• _Required action_:
Please copy the records exactly as they appear, with all pictures left out.

• _Source records_:
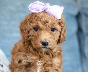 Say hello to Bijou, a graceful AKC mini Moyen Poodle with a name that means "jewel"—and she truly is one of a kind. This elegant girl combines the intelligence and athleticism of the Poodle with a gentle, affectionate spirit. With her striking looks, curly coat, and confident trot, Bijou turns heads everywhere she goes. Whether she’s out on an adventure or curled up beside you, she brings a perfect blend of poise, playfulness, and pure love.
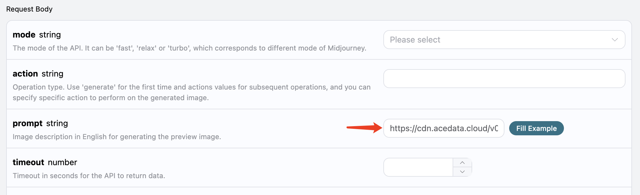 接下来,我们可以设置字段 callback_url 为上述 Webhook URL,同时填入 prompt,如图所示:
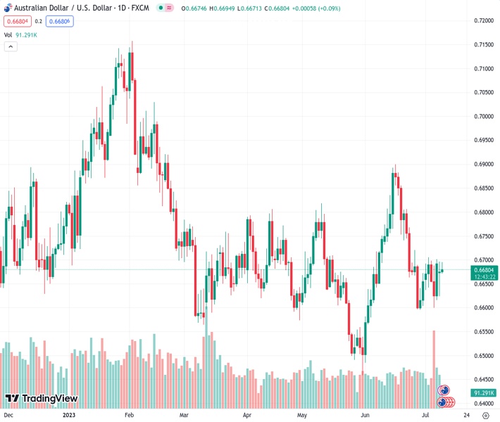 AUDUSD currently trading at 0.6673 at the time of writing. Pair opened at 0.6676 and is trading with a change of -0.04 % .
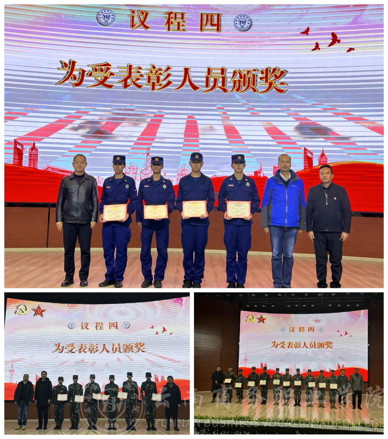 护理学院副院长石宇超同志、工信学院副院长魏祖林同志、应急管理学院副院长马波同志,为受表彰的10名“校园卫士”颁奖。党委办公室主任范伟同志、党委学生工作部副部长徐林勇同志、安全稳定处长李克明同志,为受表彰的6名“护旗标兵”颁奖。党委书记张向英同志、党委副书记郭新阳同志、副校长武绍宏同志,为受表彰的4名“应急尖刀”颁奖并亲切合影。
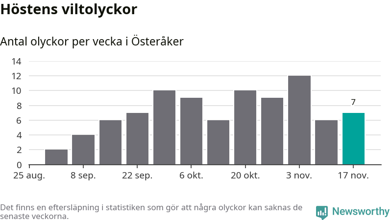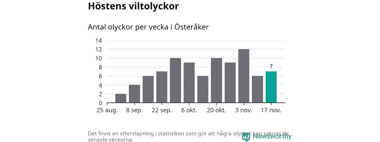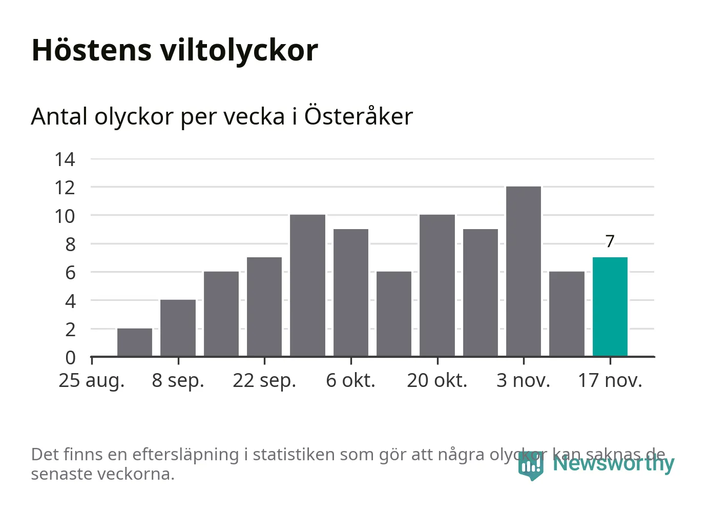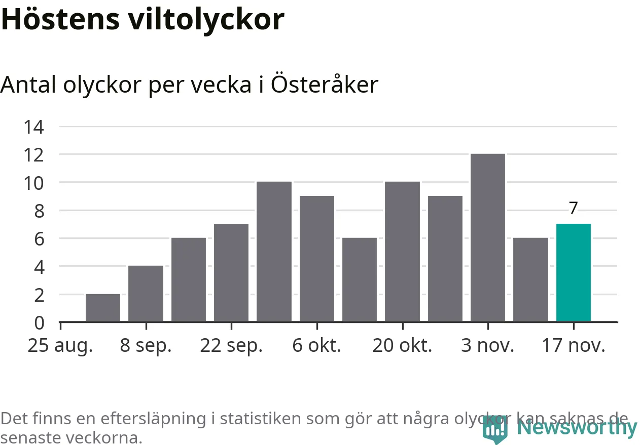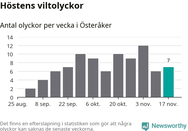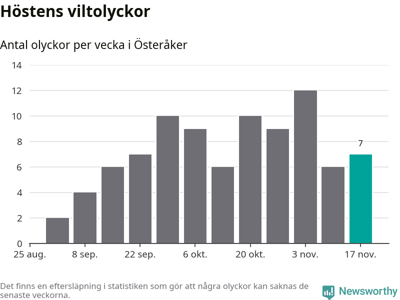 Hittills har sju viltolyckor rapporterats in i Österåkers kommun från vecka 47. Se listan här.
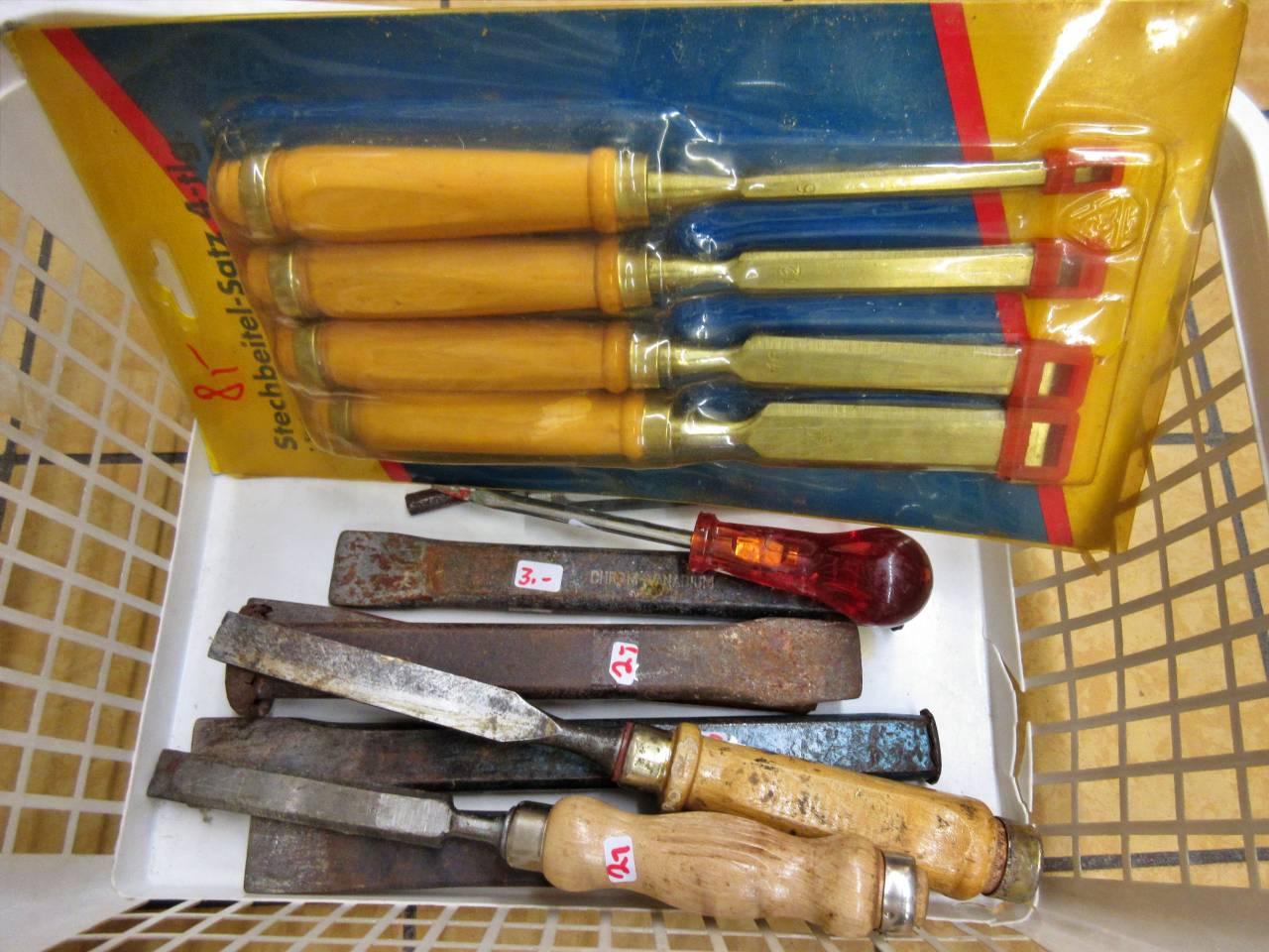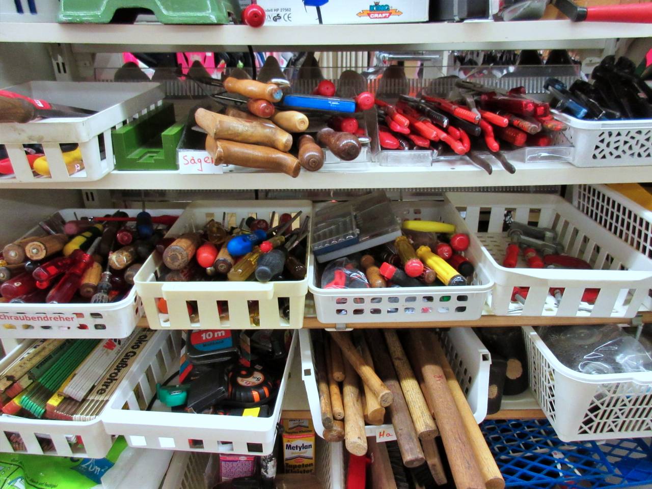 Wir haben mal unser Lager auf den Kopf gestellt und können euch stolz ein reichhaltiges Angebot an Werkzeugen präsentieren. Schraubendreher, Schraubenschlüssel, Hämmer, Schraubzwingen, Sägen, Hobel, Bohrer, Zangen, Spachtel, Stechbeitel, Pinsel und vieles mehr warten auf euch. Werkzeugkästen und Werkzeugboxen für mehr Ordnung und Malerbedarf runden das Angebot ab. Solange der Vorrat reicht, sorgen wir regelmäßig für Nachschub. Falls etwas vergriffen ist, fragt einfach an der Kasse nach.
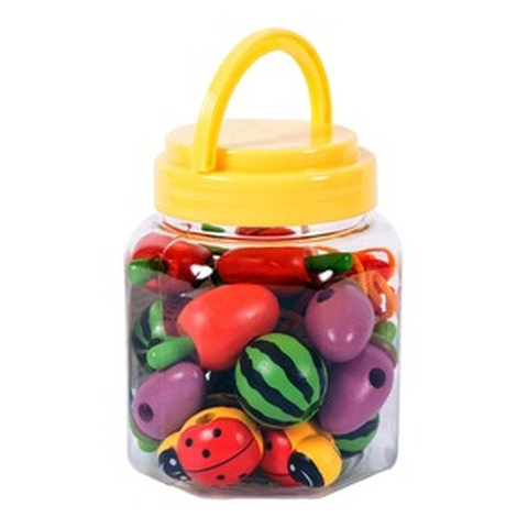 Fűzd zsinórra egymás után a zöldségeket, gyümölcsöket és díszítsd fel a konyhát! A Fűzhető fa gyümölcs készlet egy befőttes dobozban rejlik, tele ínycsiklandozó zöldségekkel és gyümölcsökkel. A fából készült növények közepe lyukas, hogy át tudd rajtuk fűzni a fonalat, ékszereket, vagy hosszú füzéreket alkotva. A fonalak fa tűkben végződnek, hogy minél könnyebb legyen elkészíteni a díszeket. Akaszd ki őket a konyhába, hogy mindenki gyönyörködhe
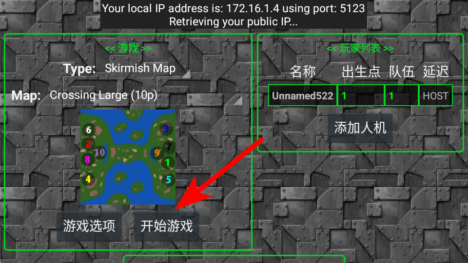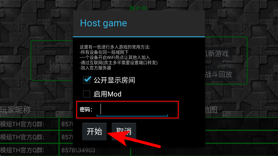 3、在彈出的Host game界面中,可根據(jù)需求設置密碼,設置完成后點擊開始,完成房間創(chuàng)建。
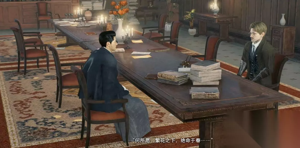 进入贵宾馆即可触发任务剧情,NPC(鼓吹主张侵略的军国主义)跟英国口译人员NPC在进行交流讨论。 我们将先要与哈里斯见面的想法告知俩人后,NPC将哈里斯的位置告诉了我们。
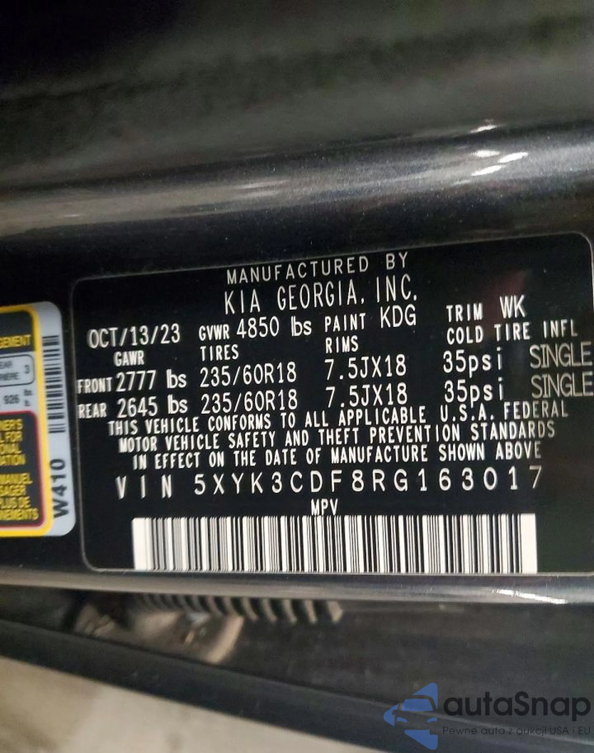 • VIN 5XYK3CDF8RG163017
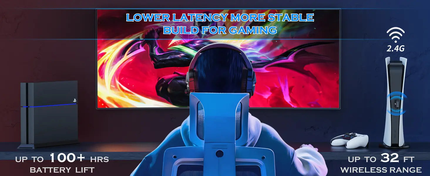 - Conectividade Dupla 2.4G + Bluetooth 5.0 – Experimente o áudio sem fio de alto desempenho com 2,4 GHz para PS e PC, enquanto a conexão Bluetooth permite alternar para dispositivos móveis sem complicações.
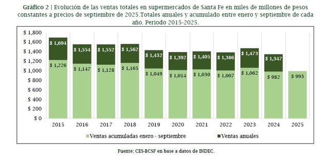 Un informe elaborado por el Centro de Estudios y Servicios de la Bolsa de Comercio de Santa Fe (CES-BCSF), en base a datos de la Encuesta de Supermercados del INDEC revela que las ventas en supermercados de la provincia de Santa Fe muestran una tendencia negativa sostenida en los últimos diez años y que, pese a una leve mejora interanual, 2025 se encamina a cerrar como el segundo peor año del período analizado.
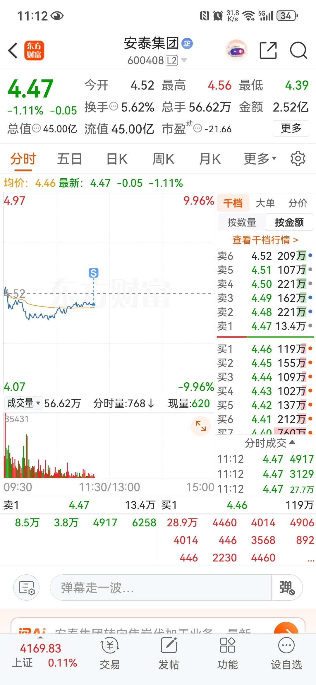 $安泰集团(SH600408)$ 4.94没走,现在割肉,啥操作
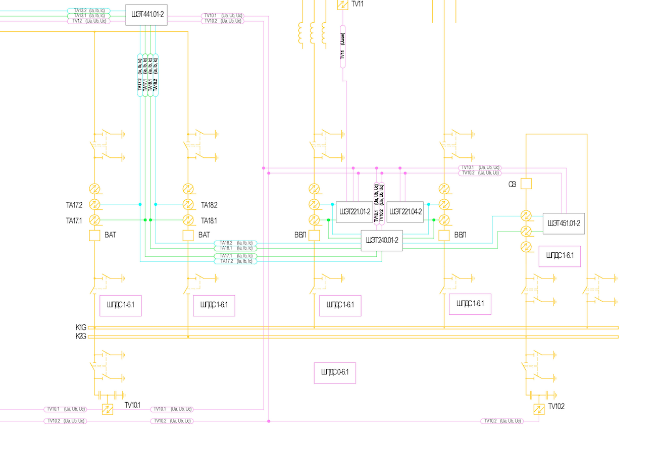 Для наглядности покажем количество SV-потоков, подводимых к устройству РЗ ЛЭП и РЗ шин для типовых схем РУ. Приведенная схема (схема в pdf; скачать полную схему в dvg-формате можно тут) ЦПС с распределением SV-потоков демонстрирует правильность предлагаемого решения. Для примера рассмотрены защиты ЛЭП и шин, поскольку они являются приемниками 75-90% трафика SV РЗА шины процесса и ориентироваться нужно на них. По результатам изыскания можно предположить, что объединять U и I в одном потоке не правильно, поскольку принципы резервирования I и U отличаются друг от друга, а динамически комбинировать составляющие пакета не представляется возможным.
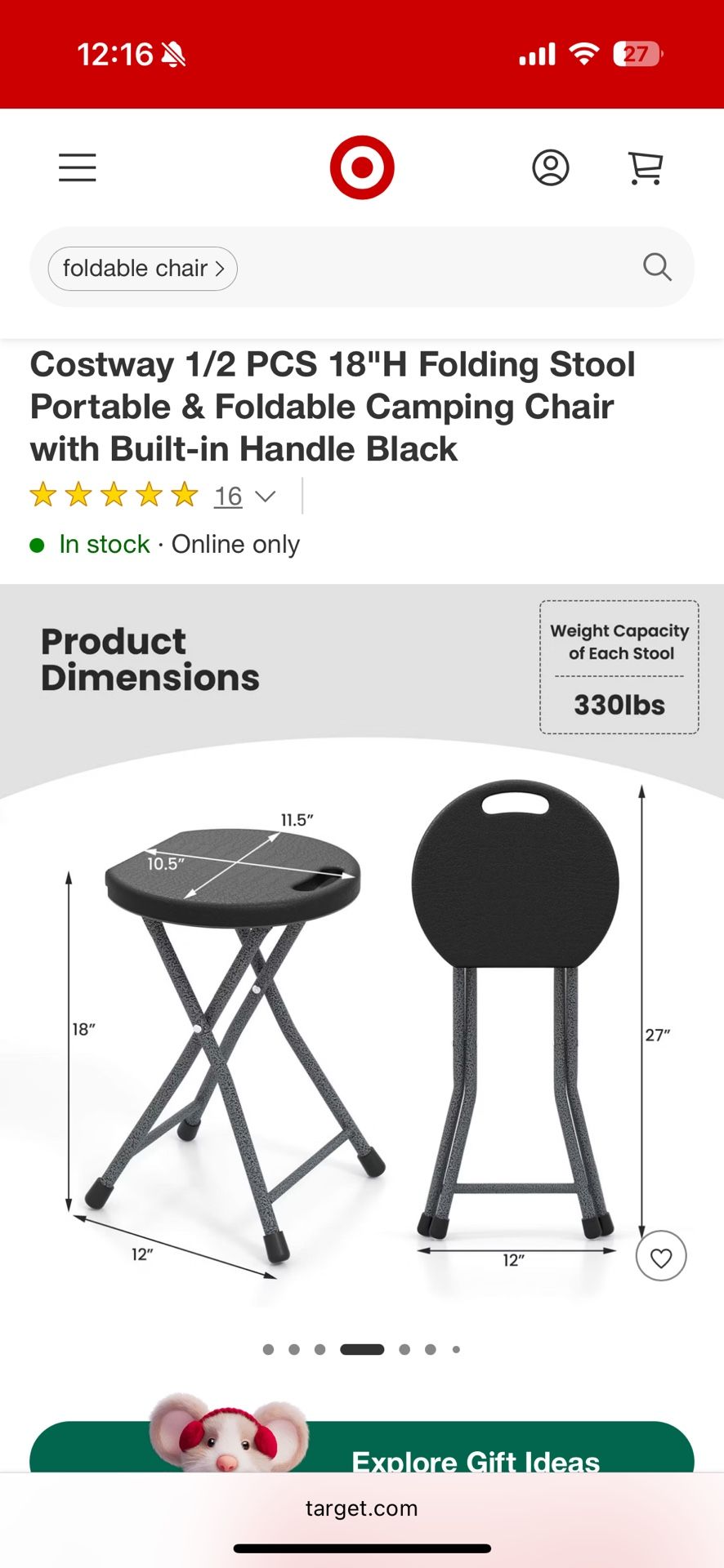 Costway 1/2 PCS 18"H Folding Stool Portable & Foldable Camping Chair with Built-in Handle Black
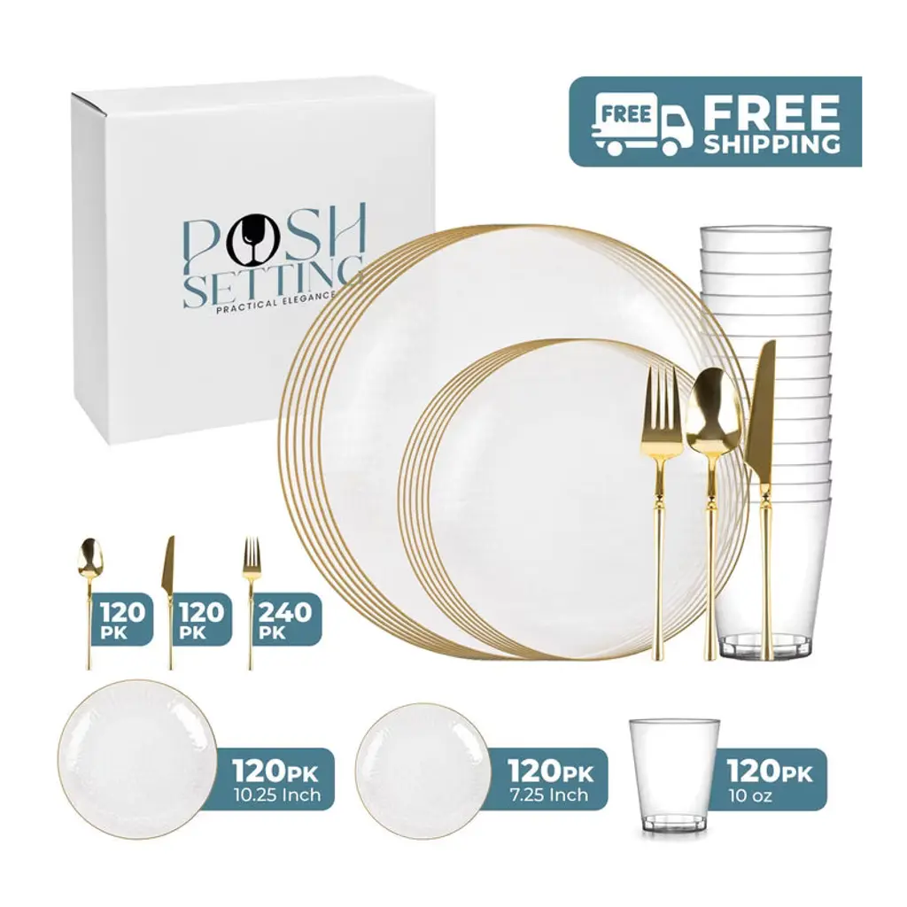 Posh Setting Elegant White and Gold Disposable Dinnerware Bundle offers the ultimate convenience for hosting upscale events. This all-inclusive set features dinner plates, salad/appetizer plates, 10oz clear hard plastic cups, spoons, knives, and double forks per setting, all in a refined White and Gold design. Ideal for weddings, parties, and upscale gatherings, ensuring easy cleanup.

• _Task response_:
 Say hello to Bijou, a graceful AKC mini Moyen Poodle with a name that means "jewel"—and she truly is one of a kind. This elegant girl combines the intelligence and athleticism of the Poodle with a gentle, affectionate spirit. With her striking looks, curly coat, and confident trot, Bijou turns heads everywhere she goes. Whether she’s out on an adventure or curled up beside you, she brings a perfect blend of poise, playfulness, and pure love.
 接下来,我们可以设置字段 callback_url 为上述 Webhook URL,同时填入 prompt,如图所示:
 AUDUSD currently trading at 0.6673 at the time of writing. Pair opened at 0.6676 and is trading with a change of -0.04 % .
 护理学院副院长石宇超同志、工信学院副院长魏祖林同志、应急管理学院副院长马波同志,为受表彰的10名“校园卫士”颁奖。党委办公室主任范伟同志、党委学生工作部副部长徐林勇同志、安全稳定处长李克明同志,为受表彰的6名“护旗标兵”颁奖。党委书记张向英同志、党委副书记郭新阳同志、副校长武绍宏同志,为受表彰的4名“应急尖刀”颁奖并亲切合影。
 Hittills har sju viltolyckor rapporterats in i Österåkers kommun från vecka 47. Se listan här.
 Wir haben mal unser Lager auf den Kopf gestellt und können euch stolz ein reichhaltiges Angebot an Werkzeugen präsentieren. Schraubendreher, Schraubenschlüssel, Hämmer, Schraubzwingen, Sägen, Hobel, Bohrer, Zangen, Spachtel, Stechbeitel, Pinsel und vieles mehr warten auf euch. Werkzeugkästen und Werkzeugboxen für mehr Ordnung und Malerbedarf runden das Angebot ab. Solange der Vorrat reicht, sorgen wir regelmäßig für Nachschub. Falls etwas vergriffen ist, fragt einfach an der Kasse nach.
 Fűzd zsinórra egymás után a zöldségeket, gyümölcsöket és díszítsd fel a konyhát! A Fűzhető fa gyümölcs készlet egy befőttes dobozban rejlik, tele ínycsiklandozó zöldségekkel és gyümölcsökkel. A fából készült növények közepe lyukas, hogy át tudd rajtuk fűzni a fonalat, ékszereket, vagy hosszú füzéreket alkotva. A fonalak fa tűkben végződnek, hogy minél könnyebb legyen elkészíteni a díszeket. Akaszd ki őket a konyhába, hogy mindenki gyönyörködhe
 3、在彈出的Host game界面中,可根據(jù)需求設置密碼,設置完成后點擊開始,完成房間創(chuàng)建。
 进入贵宾馆即可触发任务剧情,NPC(鼓吹主张侵略的军国主义)跟英国口译人员NPC在进行交流讨论。 我们将先要与哈里斯见面的想法告知俩人后,NPC将哈里斯的位置告诉了我们。
 • VIN 5XYK3CDF8RG163017
 - Conectividade Dupla 2.4G + Bluetooth 5.0 – Experimente o áudio sem fio de alto desempenho com 2,4 GHz para PS e PC, enquanto a conexão Bluetooth permite alternar para dispositivos móveis sem complicações.
 Un informe elaborado por el Centro de Estudios y Servicios de la Bolsa de Comercio de Santa Fe (CES-BCSF), en base a datos de la Encuesta de Supermercados del INDEC revela que las ventas en supermercados de la provincia de Santa Fe muestran una tendencia negativa sostenida en los últimos diez años y que, pese a una leve mejora interanual, 2025 se encamina a cerrar como el segundo peor año del período analizado.
 $安泰集团(SH600408)$ 4.94没走,现在割肉,啥操作
 Для наглядности покажем количество SV-потоков, подводимых к устройству РЗ ЛЭП и РЗ шин для типовых схем РУ. Приведенная схема (схема в pdf; скачать полную схему в dvg-формате можно тут) ЦПС с распределением SV-потоков демонстрирует правильность предлагаемого решения. Для примера рассмотрены защиты ЛЭП и шин, поскольку они являются приемниками 75-90% трафика SV РЗА шины процесса и ориентироваться нужно на них. По результатам изыскания можно предположить, что объединять U и I в одном потоке не правильно, поскольку принципы резервирования I и U отличаются друг от друга, а динамически комбинировать составляющие пакета не представляется возможным.
 Costway 1/2 PCS 18"H Folding Stool Portable & Foldable Camping Chair with Built-in Handle Black
 Posh Setting Elegant White and Gold Disposable Dinnerware Bundle offers the ultimate convenience for hosting upscale events. This all-inclusive set features dinner plates, salad/appetizer plates, 10oz clear hard plastic cups, spoons, knives, and double forks per setting, all in a refined White and Gold design. Ideal for weddings, parties, and upscale gatherings, ensuring easy cleanup.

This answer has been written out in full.